The primary issue revolves around the deletion of an addition of Rs. 7,48,92,621/- made by the Assessing Officer (AO) under Section 41(1) of the Income Tax Act, 1961. The assessee, a civil contractor, showed sundry creditors amounting to Rs. 16,11,74,448/- as of 31.03.2009. The AO observed that the assessee could not furnish confirmation from certain creditors, specifically M/s Nitesh Enterprises and M/s Shri Ram Traders, which had credit balances of Rs. 4,01,03,113/- and Rs. 3,47,89,508/- respectively. An inspector's report indicated that these firms were not found at the given addresses, leading the AO to conclude that the liabilities had ceased and to invoke Section 41(1).

The CIT(A) deleted the addition, noting that the assessee provided new addresses, PAN numbers, and other details of the creditors. Payments to these creditors were made through account payee cheques and RTGS before the assessment order was passed. The CIT(A) concluded that the liabilities were genuine and had not ceased, thus Section 41(1) was not applicable. The Tribunal upheld this finding, emphasizing that the AO did not conduct further inquiries on the new addresses and that the payments made to the creditors were genuine.

2. Deletion of Addition by Rejecting Books under Section 145:

The second issue pertains to the deletion of an addition of Rs. 64,10,847/- made by the AO by rejecting the books of accounts under Section 145 and estimating the profit at 8% of the gross receipts. The AO alleged that the assessee did not produce books of accounts and vouchers and could not justify certain expenses, leading to the rejection of the books and the estimation of profit.
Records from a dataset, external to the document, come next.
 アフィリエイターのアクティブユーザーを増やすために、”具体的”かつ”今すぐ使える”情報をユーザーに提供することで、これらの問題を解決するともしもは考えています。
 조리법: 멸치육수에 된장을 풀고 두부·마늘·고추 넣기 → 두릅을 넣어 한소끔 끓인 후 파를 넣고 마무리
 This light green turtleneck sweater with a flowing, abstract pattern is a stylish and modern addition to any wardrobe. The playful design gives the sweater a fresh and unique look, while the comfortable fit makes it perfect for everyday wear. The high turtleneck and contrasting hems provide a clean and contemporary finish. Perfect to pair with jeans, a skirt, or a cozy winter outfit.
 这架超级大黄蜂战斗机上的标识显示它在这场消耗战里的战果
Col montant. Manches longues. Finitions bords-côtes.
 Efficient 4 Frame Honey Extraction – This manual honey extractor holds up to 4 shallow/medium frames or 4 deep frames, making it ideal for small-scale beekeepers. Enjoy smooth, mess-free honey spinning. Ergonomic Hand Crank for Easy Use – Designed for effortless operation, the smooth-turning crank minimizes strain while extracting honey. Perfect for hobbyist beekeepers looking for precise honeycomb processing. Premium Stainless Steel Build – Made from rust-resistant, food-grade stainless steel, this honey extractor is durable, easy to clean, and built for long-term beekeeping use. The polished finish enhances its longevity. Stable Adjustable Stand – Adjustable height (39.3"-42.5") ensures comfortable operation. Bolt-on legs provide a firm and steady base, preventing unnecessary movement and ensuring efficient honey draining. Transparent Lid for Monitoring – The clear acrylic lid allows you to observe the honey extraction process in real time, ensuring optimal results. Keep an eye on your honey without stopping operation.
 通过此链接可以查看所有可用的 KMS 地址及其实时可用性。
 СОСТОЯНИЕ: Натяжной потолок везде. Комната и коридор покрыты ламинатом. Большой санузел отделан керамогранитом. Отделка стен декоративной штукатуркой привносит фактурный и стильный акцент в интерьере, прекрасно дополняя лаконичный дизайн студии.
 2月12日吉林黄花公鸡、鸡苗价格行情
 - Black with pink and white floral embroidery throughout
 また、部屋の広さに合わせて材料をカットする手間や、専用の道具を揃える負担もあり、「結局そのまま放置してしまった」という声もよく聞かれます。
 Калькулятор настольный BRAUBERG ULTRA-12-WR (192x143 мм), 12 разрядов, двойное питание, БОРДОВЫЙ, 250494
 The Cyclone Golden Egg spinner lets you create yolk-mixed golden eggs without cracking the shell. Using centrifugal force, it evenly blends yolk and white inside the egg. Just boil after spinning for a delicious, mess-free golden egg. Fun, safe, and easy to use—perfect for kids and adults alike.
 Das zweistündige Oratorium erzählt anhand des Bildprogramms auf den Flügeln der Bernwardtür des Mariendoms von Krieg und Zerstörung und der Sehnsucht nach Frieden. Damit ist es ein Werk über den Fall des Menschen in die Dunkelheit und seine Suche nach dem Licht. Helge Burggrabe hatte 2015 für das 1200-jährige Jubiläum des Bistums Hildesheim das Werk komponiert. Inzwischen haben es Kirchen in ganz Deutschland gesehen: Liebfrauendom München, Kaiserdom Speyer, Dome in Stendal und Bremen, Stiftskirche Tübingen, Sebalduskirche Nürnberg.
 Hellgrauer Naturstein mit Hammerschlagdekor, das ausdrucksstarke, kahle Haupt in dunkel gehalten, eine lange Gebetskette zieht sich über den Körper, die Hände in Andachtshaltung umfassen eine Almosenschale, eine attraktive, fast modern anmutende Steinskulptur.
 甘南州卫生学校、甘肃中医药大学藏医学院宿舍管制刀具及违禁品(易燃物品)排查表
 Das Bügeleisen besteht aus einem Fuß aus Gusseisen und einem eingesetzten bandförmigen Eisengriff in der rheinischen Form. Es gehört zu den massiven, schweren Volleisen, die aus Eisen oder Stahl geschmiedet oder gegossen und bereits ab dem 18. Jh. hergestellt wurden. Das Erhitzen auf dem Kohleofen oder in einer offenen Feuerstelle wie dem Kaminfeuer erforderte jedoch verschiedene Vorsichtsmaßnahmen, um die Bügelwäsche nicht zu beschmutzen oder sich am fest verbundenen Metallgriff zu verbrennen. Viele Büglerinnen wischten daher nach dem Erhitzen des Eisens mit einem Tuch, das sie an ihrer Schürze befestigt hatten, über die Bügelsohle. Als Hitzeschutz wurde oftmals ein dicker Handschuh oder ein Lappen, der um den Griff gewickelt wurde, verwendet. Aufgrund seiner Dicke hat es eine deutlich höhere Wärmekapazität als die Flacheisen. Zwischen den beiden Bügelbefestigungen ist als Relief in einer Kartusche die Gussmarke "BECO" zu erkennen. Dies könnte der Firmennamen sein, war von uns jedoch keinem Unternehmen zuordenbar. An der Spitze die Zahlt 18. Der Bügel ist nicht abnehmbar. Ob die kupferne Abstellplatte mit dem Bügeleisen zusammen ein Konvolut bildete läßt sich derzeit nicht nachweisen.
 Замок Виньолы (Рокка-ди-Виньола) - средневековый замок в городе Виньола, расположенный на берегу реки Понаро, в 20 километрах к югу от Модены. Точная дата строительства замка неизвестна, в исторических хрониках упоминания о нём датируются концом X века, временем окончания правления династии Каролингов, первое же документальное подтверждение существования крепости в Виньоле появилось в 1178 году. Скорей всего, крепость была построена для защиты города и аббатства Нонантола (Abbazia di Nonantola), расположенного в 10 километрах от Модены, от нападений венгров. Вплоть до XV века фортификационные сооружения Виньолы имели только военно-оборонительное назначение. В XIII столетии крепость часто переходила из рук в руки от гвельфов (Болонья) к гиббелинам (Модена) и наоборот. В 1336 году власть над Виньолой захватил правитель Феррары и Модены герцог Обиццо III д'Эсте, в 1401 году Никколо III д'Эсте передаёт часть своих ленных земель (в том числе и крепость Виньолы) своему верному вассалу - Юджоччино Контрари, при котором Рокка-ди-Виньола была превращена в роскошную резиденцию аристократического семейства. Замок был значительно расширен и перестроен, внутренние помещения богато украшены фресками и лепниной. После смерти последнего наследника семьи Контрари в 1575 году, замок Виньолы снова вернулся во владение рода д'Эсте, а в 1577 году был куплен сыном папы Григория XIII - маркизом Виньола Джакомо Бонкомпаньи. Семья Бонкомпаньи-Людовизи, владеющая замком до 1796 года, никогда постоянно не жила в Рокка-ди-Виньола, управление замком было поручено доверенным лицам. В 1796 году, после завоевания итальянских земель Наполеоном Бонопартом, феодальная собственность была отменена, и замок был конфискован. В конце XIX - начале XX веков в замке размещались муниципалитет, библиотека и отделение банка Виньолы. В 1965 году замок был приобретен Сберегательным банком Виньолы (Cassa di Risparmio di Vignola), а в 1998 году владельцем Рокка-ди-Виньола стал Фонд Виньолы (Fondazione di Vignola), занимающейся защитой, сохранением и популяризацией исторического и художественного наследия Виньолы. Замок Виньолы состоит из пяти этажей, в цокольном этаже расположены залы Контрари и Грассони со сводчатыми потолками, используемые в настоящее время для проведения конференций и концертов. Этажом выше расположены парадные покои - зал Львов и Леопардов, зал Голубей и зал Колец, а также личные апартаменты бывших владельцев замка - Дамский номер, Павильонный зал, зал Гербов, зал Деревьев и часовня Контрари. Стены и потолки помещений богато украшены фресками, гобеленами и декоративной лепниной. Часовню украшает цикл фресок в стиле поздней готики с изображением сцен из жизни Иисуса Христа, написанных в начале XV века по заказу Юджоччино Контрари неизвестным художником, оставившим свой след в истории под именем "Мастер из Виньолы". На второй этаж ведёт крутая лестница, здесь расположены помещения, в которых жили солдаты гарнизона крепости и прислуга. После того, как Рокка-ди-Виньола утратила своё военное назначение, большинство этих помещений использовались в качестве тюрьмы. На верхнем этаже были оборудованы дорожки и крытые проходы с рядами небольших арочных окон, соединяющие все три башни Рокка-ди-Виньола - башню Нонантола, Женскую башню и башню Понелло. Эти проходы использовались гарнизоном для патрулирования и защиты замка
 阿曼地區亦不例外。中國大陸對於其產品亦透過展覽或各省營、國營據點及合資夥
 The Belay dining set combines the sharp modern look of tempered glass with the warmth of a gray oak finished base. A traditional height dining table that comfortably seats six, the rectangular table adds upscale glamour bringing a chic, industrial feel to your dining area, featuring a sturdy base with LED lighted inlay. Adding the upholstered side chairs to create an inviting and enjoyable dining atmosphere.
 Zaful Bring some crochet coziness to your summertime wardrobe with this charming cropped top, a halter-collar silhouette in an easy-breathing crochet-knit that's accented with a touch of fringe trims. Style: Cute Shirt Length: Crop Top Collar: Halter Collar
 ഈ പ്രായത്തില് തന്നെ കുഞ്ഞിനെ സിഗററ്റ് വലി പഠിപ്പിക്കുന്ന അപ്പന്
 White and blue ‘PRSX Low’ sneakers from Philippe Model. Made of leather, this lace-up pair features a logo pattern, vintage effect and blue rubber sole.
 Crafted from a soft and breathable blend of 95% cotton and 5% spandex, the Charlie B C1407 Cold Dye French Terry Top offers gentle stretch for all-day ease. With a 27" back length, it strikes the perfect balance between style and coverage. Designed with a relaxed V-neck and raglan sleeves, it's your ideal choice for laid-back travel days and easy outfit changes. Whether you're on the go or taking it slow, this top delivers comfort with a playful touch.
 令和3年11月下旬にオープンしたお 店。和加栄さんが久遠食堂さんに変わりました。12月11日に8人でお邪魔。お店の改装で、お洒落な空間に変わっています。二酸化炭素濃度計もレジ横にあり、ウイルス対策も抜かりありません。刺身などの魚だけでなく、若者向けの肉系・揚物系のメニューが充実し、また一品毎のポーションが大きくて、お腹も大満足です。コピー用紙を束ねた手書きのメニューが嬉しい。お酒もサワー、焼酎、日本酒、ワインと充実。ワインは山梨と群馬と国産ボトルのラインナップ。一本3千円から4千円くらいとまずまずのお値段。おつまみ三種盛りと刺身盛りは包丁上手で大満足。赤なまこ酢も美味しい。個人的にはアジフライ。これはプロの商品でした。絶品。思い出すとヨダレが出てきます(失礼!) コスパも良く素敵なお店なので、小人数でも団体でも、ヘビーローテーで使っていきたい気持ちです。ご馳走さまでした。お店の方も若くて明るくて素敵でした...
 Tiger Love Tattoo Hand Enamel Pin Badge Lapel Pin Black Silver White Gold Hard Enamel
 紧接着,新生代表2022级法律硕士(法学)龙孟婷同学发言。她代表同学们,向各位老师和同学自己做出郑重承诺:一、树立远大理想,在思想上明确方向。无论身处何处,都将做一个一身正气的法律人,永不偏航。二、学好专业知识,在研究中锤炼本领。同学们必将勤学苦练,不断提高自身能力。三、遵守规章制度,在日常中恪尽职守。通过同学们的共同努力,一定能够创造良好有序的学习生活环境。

The CIT(A) deleted the addition, observing that the AO had acknowledged in the assessment order that the books of accounts and other relevant documents were produced and perused. The CIT(A) noted that the books were audited and prepared according to prescribed accounting standards. The Tribunal upheld this finding, stating that the AO did not point out specific defects in the books of accounts and that the rejection of books was not legally permissible. The Tribunal also agreed that the AO's estimation of profit at 8% of the gross receipts was unjustified as no comparative cases or specific discrepancies were pointed out.

Conclusion:

The Tribunal dismissed the revenue's appeal, upholding the CIT(A)'s order that deleted the additions made under Section 41(1) and by rejecting the books under Section 145. The Tribunal found that the AO's actions were based on incorrect findings and lacked proper inquiry and justification. The assessee had provided sufficient evidence to prove the genuineness of the liabilities and the correctness of the books of accounts.